Suitable solvent systems capable of dissolving plant proteins and direct their self-assembly into aggregated structures are required to improve their processability into structured materials. Previous approaches have exploited the use of nonvolatile chaotropic agents to extensively denature proteins, but these often remain in the final product and can greatly affect the final material properties33,34,35. In this work, we exploit the use of binary mixtures of water and acetic acid, alongside exposure to ultrasonication and elevated temperatures, to improve the solubility of a model plant protein feedstock. Acetic acid was chosen due to its ability to enhance the solvation of hydrophobic amino acid residues under aqueous-compatible conditions36,37, and ultrasonication treatment was applied in order to disrupt large protein aggregates into smaller particles, as well as destabilizing intermolecular interactions, ultimately promoting the formation of small soluble protein aggregates28,38,39,40. Together with exposure to elevated temperatures, the protein can be fully dissolved and denatured, enabling the formation of new intermolecular interactions in a controlled manner.
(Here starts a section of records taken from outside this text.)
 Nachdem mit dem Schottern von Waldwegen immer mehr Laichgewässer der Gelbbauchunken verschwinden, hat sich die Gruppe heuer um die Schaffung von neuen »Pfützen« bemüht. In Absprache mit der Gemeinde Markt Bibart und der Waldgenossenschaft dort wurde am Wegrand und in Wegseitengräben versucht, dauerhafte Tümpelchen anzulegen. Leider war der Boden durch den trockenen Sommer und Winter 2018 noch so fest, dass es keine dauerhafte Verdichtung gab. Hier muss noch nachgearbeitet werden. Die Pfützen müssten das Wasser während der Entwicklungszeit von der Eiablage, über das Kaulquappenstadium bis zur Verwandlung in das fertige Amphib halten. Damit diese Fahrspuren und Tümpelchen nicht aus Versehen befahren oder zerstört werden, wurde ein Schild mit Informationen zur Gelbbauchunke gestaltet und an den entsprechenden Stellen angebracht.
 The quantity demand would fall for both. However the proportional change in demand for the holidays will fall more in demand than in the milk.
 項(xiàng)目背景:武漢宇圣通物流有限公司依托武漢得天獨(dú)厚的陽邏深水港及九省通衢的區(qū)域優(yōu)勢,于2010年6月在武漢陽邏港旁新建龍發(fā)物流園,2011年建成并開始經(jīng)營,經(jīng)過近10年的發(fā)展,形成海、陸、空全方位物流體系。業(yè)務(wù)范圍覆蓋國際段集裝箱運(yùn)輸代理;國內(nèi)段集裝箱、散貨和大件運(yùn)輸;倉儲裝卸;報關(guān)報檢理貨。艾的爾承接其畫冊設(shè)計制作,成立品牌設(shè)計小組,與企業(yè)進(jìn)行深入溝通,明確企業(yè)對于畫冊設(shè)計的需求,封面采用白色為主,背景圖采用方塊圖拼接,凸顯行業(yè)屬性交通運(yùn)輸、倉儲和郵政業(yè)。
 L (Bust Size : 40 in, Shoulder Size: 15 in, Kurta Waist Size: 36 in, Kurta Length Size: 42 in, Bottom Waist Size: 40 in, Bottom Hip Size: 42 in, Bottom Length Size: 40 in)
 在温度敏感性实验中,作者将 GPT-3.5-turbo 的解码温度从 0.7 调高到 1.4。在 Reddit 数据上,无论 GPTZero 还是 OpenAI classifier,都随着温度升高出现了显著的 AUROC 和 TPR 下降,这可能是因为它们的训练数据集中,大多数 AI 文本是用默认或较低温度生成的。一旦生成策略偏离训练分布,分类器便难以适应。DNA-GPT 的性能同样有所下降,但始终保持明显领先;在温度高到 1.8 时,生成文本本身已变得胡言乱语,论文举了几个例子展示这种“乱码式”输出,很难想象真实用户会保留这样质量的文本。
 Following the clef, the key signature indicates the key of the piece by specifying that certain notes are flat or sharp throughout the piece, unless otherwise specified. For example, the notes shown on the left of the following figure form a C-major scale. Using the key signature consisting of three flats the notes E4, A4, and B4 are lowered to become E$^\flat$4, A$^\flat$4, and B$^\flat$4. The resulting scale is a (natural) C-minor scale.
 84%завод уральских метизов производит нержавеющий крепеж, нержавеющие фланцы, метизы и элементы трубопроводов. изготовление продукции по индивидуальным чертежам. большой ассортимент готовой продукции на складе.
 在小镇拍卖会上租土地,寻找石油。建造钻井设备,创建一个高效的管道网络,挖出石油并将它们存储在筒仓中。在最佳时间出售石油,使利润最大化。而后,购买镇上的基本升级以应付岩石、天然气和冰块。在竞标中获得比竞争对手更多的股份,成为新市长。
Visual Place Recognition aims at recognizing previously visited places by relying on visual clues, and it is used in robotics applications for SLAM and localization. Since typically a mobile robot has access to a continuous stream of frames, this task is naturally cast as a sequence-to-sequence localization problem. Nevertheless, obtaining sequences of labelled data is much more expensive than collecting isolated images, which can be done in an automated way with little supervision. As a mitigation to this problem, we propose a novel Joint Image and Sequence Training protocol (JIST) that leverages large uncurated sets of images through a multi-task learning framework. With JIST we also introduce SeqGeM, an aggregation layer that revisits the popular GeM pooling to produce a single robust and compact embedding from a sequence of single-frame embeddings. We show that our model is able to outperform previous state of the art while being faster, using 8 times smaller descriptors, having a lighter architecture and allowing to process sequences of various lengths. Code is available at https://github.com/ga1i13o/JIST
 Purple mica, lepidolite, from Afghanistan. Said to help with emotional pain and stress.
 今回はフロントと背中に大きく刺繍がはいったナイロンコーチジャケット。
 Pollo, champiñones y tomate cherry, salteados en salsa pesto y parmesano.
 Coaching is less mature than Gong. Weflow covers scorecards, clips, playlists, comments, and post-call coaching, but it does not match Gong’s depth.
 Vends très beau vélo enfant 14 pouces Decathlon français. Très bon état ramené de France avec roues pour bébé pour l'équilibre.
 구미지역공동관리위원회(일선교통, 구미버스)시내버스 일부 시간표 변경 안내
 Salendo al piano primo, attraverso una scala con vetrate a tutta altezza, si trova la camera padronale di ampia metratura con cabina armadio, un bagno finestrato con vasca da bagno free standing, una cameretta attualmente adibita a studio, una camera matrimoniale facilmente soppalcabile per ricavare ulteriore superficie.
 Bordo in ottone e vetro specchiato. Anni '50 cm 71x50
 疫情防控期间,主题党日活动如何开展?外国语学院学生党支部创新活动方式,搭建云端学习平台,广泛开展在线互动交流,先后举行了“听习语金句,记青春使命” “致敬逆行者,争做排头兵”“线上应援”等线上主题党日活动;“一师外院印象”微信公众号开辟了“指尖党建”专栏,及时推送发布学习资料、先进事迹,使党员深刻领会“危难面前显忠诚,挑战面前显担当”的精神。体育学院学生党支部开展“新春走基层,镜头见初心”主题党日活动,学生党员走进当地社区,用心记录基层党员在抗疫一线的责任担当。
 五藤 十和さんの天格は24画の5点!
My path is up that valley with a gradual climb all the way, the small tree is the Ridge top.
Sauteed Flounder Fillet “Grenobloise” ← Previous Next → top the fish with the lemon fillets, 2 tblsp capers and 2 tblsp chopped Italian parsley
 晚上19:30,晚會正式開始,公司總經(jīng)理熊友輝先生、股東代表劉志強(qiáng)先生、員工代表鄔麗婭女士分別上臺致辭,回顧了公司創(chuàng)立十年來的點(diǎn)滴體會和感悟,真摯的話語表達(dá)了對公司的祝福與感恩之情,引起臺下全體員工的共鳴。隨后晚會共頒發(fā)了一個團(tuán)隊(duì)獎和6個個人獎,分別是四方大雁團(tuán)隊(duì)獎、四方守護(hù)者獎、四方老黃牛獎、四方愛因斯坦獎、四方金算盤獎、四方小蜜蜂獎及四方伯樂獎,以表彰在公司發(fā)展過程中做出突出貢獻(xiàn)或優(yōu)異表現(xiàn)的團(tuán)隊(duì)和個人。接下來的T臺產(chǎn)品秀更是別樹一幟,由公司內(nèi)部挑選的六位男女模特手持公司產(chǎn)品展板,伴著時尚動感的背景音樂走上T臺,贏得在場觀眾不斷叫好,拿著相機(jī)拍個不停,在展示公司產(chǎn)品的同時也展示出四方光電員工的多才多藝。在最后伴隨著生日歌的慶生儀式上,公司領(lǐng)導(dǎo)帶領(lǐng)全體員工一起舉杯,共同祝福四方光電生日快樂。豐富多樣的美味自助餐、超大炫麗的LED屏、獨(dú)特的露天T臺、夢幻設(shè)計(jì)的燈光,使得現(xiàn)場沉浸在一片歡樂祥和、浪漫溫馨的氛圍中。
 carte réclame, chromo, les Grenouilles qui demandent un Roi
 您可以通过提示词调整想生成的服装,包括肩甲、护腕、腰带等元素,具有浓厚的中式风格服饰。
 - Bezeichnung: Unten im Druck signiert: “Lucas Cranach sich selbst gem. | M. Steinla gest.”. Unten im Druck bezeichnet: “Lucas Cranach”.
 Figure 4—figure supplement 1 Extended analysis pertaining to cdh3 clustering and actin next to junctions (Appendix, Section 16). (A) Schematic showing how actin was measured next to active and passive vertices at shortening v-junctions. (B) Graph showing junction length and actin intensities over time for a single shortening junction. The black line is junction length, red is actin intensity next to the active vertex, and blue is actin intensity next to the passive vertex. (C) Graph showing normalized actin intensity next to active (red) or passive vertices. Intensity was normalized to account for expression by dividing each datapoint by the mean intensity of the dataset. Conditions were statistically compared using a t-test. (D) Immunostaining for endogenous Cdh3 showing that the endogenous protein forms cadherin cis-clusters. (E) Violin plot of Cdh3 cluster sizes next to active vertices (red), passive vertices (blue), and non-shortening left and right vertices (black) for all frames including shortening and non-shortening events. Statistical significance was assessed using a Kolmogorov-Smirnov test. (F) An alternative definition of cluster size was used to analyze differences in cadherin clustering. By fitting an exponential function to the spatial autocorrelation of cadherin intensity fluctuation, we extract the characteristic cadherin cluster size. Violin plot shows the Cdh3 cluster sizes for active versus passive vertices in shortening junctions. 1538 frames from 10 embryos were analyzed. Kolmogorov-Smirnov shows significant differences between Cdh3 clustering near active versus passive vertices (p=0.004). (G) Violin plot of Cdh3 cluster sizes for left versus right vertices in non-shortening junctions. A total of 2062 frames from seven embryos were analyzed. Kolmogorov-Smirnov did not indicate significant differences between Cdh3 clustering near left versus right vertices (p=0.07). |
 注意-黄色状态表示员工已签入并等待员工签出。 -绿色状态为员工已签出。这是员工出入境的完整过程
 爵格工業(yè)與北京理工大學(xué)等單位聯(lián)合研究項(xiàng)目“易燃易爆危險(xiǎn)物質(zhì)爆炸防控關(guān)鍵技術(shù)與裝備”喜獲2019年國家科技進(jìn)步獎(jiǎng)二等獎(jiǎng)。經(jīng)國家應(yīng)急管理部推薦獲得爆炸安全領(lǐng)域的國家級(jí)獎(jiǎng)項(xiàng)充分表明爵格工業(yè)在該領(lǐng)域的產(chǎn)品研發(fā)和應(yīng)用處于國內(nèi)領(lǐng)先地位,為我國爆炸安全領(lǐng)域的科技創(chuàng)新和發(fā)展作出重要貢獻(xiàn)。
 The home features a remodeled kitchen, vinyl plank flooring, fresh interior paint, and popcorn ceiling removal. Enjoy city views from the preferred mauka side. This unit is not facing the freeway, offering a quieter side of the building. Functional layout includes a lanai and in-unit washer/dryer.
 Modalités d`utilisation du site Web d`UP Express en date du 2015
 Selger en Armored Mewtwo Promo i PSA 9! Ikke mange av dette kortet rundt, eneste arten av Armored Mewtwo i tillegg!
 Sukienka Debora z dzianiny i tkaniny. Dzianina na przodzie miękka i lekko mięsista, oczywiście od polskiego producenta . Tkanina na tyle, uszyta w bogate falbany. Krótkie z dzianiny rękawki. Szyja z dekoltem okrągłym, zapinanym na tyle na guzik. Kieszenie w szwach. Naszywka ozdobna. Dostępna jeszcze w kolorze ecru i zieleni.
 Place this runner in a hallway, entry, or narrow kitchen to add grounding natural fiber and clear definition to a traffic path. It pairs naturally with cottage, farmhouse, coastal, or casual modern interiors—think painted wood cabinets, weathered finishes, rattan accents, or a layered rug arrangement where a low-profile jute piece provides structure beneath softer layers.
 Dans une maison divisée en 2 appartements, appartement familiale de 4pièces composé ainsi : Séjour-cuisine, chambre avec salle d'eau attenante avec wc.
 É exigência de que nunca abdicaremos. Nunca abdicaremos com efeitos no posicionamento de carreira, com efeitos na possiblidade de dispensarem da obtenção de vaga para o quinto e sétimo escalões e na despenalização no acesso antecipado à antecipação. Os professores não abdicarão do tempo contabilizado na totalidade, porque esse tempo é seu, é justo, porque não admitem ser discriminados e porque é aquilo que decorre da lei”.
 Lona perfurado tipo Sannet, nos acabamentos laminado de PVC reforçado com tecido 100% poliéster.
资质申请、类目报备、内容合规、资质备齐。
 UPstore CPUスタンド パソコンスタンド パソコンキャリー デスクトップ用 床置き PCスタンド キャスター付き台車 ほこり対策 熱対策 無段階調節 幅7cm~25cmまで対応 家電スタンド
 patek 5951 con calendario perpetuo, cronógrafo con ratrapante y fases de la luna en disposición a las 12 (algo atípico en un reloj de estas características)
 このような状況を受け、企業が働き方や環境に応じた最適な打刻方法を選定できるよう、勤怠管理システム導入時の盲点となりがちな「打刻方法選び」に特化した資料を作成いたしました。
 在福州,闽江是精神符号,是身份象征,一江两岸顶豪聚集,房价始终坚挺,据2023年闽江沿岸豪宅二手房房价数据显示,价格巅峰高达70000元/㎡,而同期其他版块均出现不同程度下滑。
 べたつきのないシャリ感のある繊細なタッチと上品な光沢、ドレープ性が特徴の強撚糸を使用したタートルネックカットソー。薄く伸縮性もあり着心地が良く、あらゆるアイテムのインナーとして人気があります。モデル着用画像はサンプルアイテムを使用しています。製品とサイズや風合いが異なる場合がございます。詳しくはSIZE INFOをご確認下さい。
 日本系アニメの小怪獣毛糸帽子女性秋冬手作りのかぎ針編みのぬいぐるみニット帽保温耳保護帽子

We first utilised this approach to prepare a soy protein isolate (SPI) solution, which was then processed into a film by solvent-casting (Fig. 1a). SPI was chosen as a model plant-based protein since it is one of the most available sources of plant proteins and is available as a by-product of soybean oil production26. A colloidal protein slurry was first prepared by dispersing SPI at 10 w/v% protein concentration in a 30 v/v% acetic acid aqueous solution. The slurry was then exposed to ultrasonication treatment and elevated temperature (90 °C) for 30 min, which resulted in the formation of a translucent aqueous solution (Fig. 1a). Turbidity measurements, solubility measurements, dynamic light scattering (DLS), optical microscopy, and transmission electron microscopy (TEM) characterisation revealed that proteins processed in aqueous acetic acid solution have a significantly smaller particle size (29 ± 9.1 nm) compared to a control protein sample dispersed in deionised water (148 ± 68 nm, Supplementary Figs. 2 and 3) as well as higher transparency and solubility (Supplementary Fig. 1).

Fig. 1: Solvation of plant proteins and generation of films through molecular self-assembly.
figure 1

a A translucent aqueous soyprotein isolate (SPI) solution (10 w/v% SPI, 30 v/v% acetic acid) was obtained via ultrasonication treatment at elevated temperature (90 °C) for 30 min. The resultant SPI solution was cast on a pre-heated glass Petri dish. Upon cooling, a translucent hydrogel was formed. Following evaporation of the solvent, a free-standing film was obtained (scale bar 1 cm). bd AFM images (b, c), and TEM image (d) of SPI fibrillar aggregates formed through the self-assembly process. Scale bars are 500 nm for b and d, and 100 nm for c. e SEM image of SPI hydrogel prepared through supercritical CO2 drying. Scale bar is 500 nm. f cryo-SEM image of SPI hydrogel. Scale bar is 500 nm. g TEM image of β-sheet nanocrystals in dried SPI film. Scale bars are 5 nm for the main image and 2 nm for the inset.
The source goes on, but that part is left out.